What the exercise asks: Two lines below mark the span: the one containing "Урьдчилсан төлбөрт үйлчилгээний" and the one containing "4月13日下午,脱裤吧 新一". Set down both, plus every line between, exactly as they stand, and nothing else.

Material for the task:
————
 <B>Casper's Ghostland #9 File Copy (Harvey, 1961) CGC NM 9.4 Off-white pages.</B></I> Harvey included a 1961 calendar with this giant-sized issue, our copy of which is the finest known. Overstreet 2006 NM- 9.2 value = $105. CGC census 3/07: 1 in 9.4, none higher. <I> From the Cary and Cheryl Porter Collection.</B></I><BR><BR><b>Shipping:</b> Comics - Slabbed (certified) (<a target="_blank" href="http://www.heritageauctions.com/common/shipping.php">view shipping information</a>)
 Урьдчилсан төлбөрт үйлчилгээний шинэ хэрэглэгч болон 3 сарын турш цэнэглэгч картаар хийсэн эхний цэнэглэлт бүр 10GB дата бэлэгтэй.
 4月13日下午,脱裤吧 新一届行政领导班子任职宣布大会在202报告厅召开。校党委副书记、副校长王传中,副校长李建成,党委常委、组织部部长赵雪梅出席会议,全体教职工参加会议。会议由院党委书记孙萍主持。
————
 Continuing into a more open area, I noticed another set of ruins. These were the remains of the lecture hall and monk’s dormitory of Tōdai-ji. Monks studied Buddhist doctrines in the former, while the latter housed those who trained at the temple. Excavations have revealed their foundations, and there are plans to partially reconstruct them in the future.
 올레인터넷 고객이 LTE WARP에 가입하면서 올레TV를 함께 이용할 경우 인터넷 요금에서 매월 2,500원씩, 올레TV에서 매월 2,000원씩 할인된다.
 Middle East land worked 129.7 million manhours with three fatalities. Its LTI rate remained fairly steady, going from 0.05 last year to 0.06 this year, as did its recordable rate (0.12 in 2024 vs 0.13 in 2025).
————
Answer:
 Урьдчилсан төлбөрт үйлчилгээний шинэ хэрэглэгч болон 3 сарын турш цэнэглэгч картаар хийсэн эхний цэнэглэлт бүр 10GB дата бэлэгтэй.
 4月13日下午,脱裤吧 新一届行政领导班子任职宣布大会在202报告厅召开。校党委副书记、副校长王传中,副校长李建成,党委常委、组织部部长赵雪梅出席会议,全体教职工参加会议。会议由院党委书记孙萍主持。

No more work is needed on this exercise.